SUPPLIED MATERIAL:
###
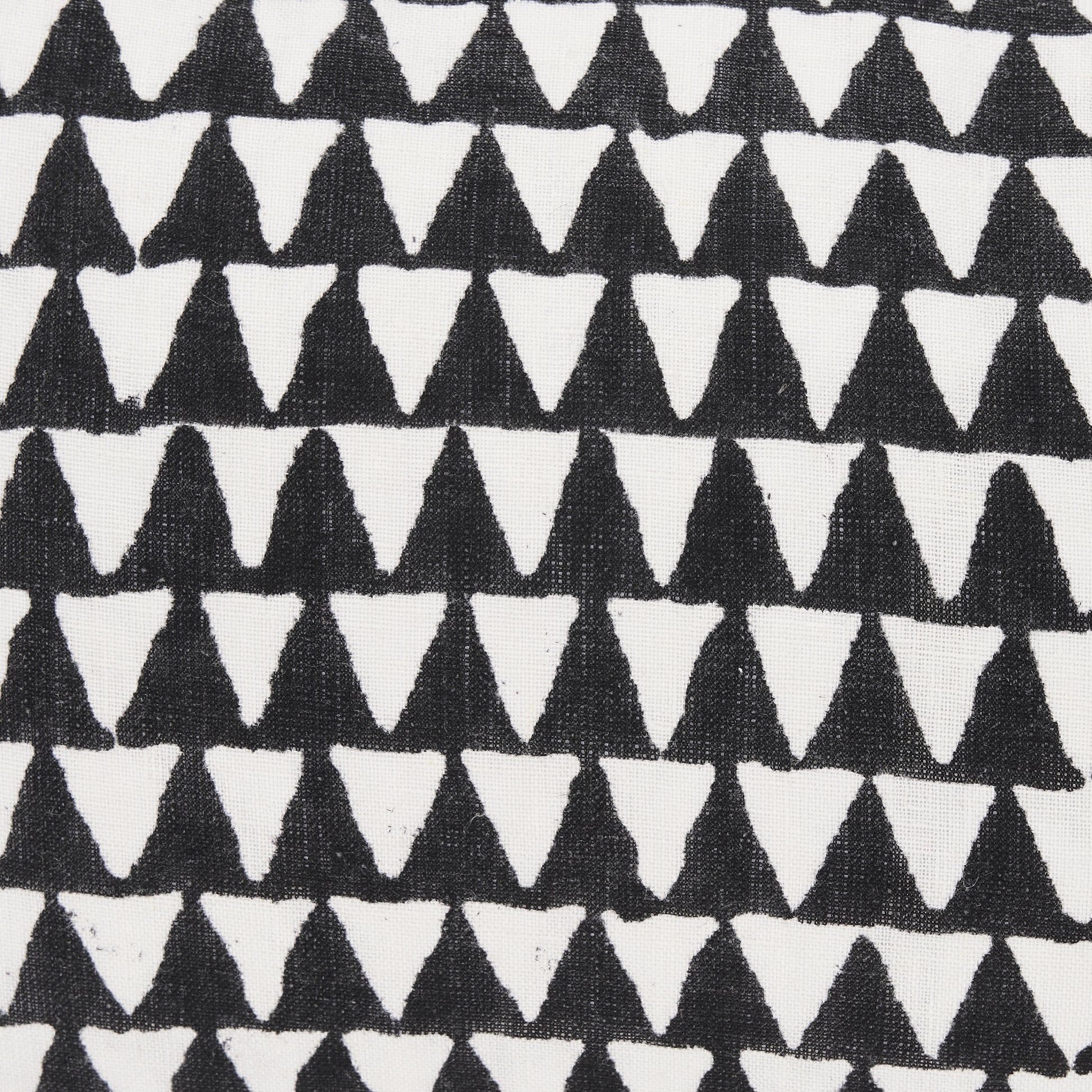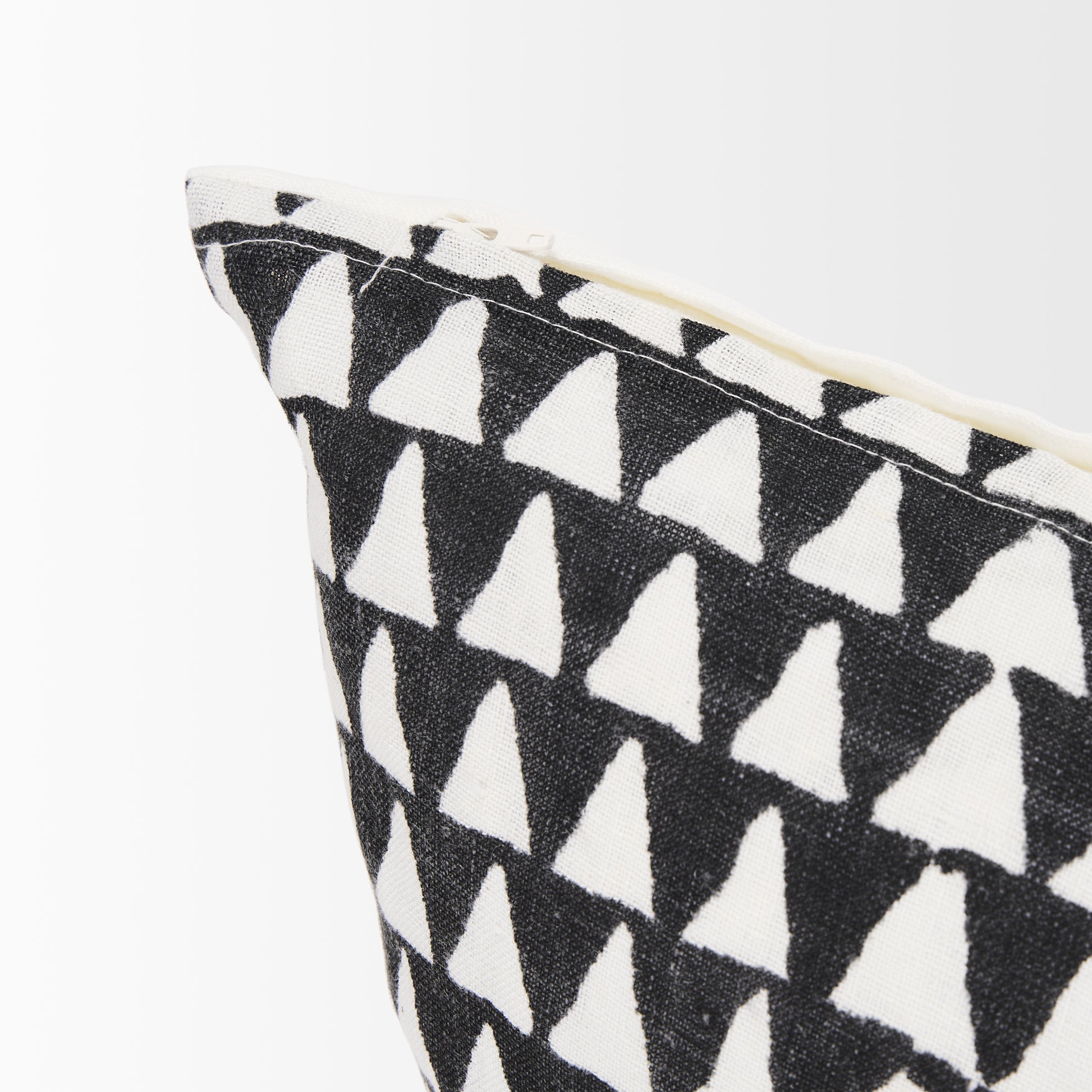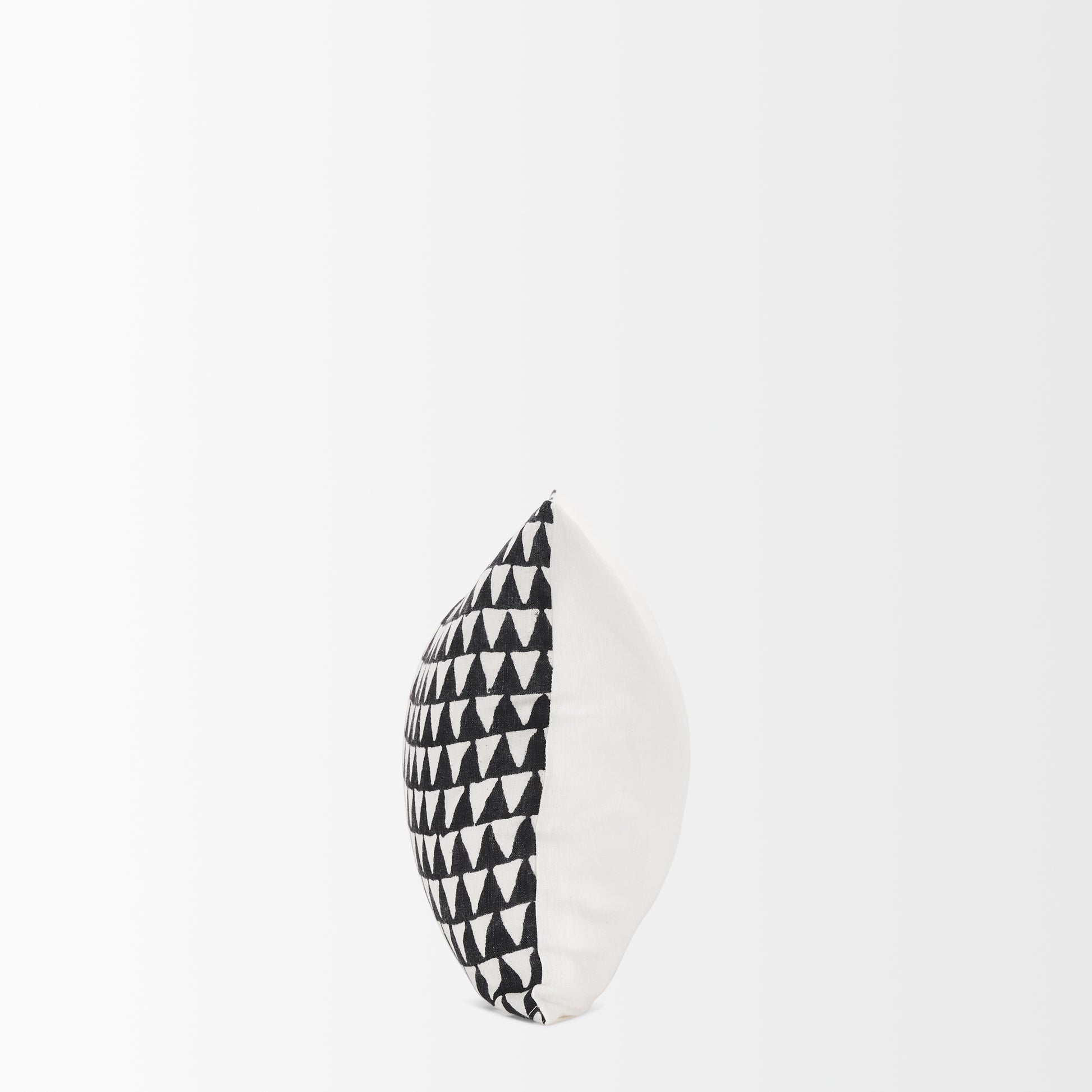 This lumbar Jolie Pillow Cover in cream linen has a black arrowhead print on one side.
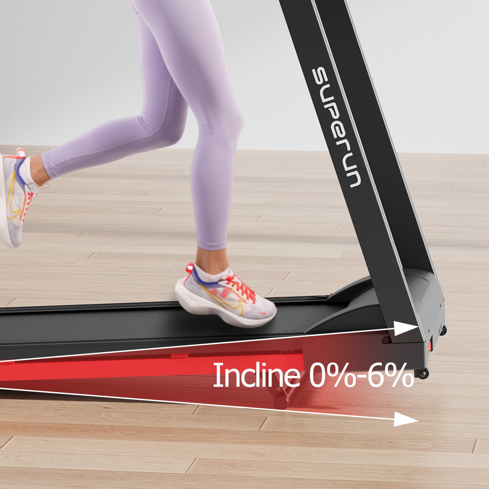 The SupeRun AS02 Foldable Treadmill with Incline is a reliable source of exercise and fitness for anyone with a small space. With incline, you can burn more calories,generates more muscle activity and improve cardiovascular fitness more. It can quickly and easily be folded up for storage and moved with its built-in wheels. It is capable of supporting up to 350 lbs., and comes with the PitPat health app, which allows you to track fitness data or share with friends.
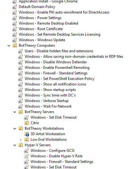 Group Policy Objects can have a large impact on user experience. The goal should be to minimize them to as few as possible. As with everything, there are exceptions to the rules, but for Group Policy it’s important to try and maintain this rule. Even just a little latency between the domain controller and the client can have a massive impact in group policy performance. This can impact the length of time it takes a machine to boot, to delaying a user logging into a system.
###
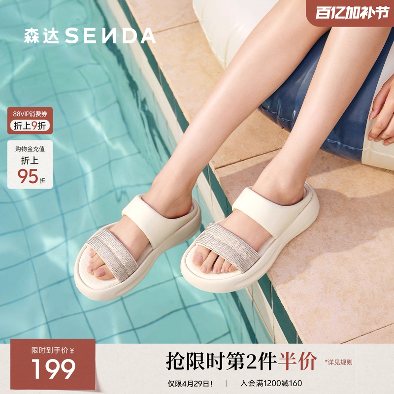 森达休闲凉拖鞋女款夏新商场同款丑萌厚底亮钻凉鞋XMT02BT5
###
ASSIGNMENT: Repeat, word for word, the lines of the material above from the one holding "This lumbar Jolie" through the one holding "Group Policy Objects". Leave out pictures.

SOLVED EXERCISE:
 This lumbar Jolie Pillow Cover in cream linen has a black arrowhead print on one side.
 The SupeRun AS02 Foldable Treadmill with Incline is a reliable source of exercise and fitness for anyone with a small space. With incline, you can burn more calories,generates more muscle activity and improve cardiovascular fitness more. It can quickly and easily be folded up for storage and moved with its built-in wheels. It is capable of supporting up to 350 lbs., and comes with the PitPat health app, which allows you to track fitness data or share with friends.
 Group Policy Objects can have a large impact on user experience. The goal should be to minimize them to as few as possible. As with everything, there are exceptions to the rules, but for Group Policy it’s important to try and maintain this rule. Even just a little latency between the domain controller and the client can have a massive impact in group policy performance. This can impact the length of time it takes a machine to boot, to delaying a user logging into a system.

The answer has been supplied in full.